# A different reality.



## treyvion (Apr 29, 2013)

Imagine if you will... The human race developed differently.

Imagine that the male was exactly the male that we have come to accept as a man.

What if females where similar to what females are today, but they lacked a vagina, and also had a penis which was on average 2" longer than a males penis. Say these females were smaller, but were Alpha to the point where they would be doing everything they could to dominate a man.

So no sex between these mythical races of humans occur, unless it is a female copulating a male through gay sex. Yes the female doing the penetration.

Do you think if females had penises and not vagina's, and you are guaranteed to not have sexual intimacy that men would be chivalrous, would earn for, would put their lives on the lines for females?


----------



## Faithful Wife (Oct 31, 2012)

Just look at prison. Yes, of course they would still have sexual and emotional intimacy, but also there would still be rape.


----------



## treyvion (Apr 29, 2013)

Faithful Wife said:


> Just look at prison. Yes, of course they would still have sexual and emotional intimacy, but also there would still be rape.


Yes. In my mythical races it would be rare for the female to allow penetration, but she would take it.

The highly Alpha female was much more violent and treacherous than the calmer male in my depiction.

Men would comfort each other in this situation, and gay men have one as the husband who tends to be the supporter and provider, it would be about the same thing.

I was pointing out, if we had to interact with females like they were males, and also they would not provide intimacy to us, that men wouldn't be quick to take one out to lunch, help support her, lust after her, etc.

It is the gender differences to why men desire women and women desire men.
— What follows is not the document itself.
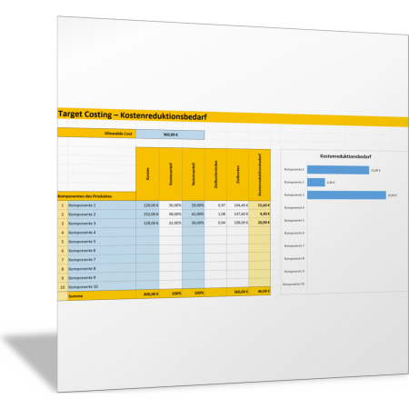Die zulässigen Kosten (Allowable Costs) für jede Produktkomponente ergeben sich aus dem am Markt erzielbaren Produktpreis und den daraus abgeleiteten Gesamtkosten sowie dem Nutzwert, den die Kunden der Komponente zuschreiben. Mit dieser Excel-Vorlage erkennen Sie, wo die tatsächlichen Kosten zu hoch sind und in welchem Maße die Kosten reduziert werden müssen, damit die Allowable Costs gemäß Zielkostenrechnung erreicht werden.

I'm a little miffed at the world outside of TAM and infidelity boards thinking that a sexless position for a male is a petty thing to complain about.


----------



## Faithful Wife (Oct 31, 2012)

If any person is in a sexless situation, they are there because they haven't decided to leave yet (and they might never decide to leave).


----------



## treyvion (Apr 29, 2013)

Faithful Wife said:


> If any person is in a sexless situation, they are there because they haven't decided to leave yet (and they might never decide to leave).


Well, that be true. No matter how you look at it, tt all boils down to what you said.


----------



## Amplexor (Feb 13, 2008)

treyvion said:


> What if females where similar to what females are today, but they lacked a vagina, and also had a penis which was on average 2" longer than a males penis. Say these females were smaller, but were Alpha to the point where they would be doing everything they could to dominate a man.
> 
> So no sex between these mythical races of humans occur, unless it is a female copulating a male through gay sex.


Sounds like an old Roger Corman flick.


----------



## skype (Sep 25, 2013)

I would love to see the Mystery Science Theater 3000 spoof of this movie.


----------



## okeydokie (Sep 10, 2008)

Are you in Colorado right now?


----------



## Jellybeans (Mar 8, 2011)

I feel like I just stepped into the Twilight Zone


----------



## Amplexor (Feb 13, 2008)




----------



## Cosmos (May 4, 2012)

In the scenario described, it sounds doubtful that there would be any specific attraction between men and women and, if sex did happen, it would be genderless.

Incidentally, in this fantasy world, how would humans procreate? Would men and women be self-fertilizing?


----------



## treyvion (Apr 29, 2013)

Amplexor said:


> Sounds like an old Roger Corman flick.


I should write the story behind it.


----------



## treyvion (Apr 29, 2013)

Cosmos said:


> In the scenario described, it sounds doubtful that there would be any specific attraction between men and women and, if sex did happen, it would be genderless.
> 
> Incidentally, in this fantasy world, how would humans procreate? Would men and women be self-fertilizing?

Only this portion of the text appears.